Stream #0:0, 50, 1/1200000: Video: h264 (Main), 1 reference frame, yuv420p(progressive, left), 1920x1080, 0/1, 25 fps, 60 tbr, 1200k tbn

The 1200000 time base in the encoded stream is for the container (tbn), not for the codec context (tbc), which is apparently deprecated. The frame rate does get correctly encoded by the 60 tbr (double the actual frame rate).

I messed around with the LibavH264Encoder a bit and found that the encoder completely ignores anything set for the stream.base_time and stream.codec_context.base_time; in fact you can simply omit the self._stream.codec_context.time_base = Fraction(1, 1000000) line and it still produces the same output (which makes sense considering that it is deprecated).

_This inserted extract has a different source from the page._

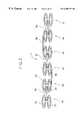 Circumferentially opposed ends of adjacent elements57 are connected by tie members61. One element57 at the center of its one axial side is connected to a circumferentially adjacent element at the center of its one axial side by a short tie member61. In this embodiment, the elements57 are divided into two groups, a first group of57aand57band a second group of57cand57d. The elements in each group are tied to each other by a very short tie member61 whereas an element in one group is tied to an element of the other group by a relatively long tie member61. More specifically,elements57aand57bare tied by a veryshort tie member61b, andelements57cand57dare tied by a veryshort tie member61dwhereaselements57dand57aandelements57band57care tied by relativelylong tie members61aand61c, respectively. Therefore, all the spacings between elements are not equal. The elements are formed to a generally rhombic shape because a relatively large space is defined between opposed sides of adjacent elements. That is, a generally V-shaped or trapezoidal space is defined between opposed sides of adjacent elements.

FPS is set in the call to add_stream: self._stream = self._container.add_stream(self._codec, rate=self.framerate), so setting it explicitly is unnecessary.

Using proper timestamps in the container gets round any difficulties by sampling the real time (well, system time, again it's not entirely guaranteed to be exactly right, but it's probably a lot closer than the camera rate), it just means your timestamps are rounded to the microsecond, which I would expect to be fine.

Yeah, the timestamps themselves are not the problem, It's more so that they don't end up in the encoded file:

[FRAME]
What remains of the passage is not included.